- Born: 6 January 1919 Goulburn, New South Wales
- Died: 3 June 2009 (aged 90)
- Education: Moore Theological College
- Occupation: Cleric
- Spouse: Laurel (née Chapman)
- Parent(s): Horace Bingham and Eileen (née Dowling)
- Awards: Military Medal
- Website: geoffreybingham.com

= Geoffrey Bingham =

Australian writer and minister

Geoffrey Cyril Bingham, (6 January 1919 – 3 June 2009) was an Australian author and cleric in the Anglican Church of Australia.

Geoffrey Bingham was born in Goulburn, New South Wales.

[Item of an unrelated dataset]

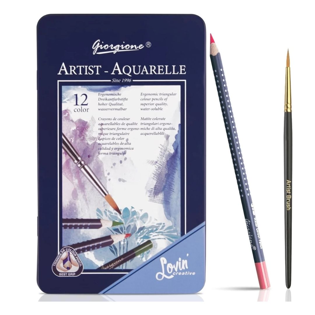 Crayons Aquarellables Giorgione – Set de 12 | Crayons Artistiques Solubles à l’Eau

He was awarded the Military Medal for service in Singapore before its fall in World War II, after which he was a prisoner of war at Changi Prison and Kranji Prison. His citation for the Member of the Order of Australia (2005) was "for service to the community through Christian ministry, encouraging cross-cultural theological education and as an author".

He trained at Moore Theological College, ministered at the Garrison Church in Sydney and then served as a missionary under the aegis of the Church Missionary Society (CMS) in Pakistan from 1957 to 1967, where he was founding principal of the Pakistan Bible Training Institute in Hyderabad, Pakistan. He was also one of the founding members of the Austral–Asian Christian Church (AACC).

From 1967 to 1973 he was principal of the Bible College of South Australia (then the Adelaide Bible Institute) after which he formed New Creation Publications (later New Creation Teaching Ministry).

Geoffrey was a gifted writer. Before the war he wrote short stories for The Bulletin. NCTM published close to 300 of his books, most of which were theological.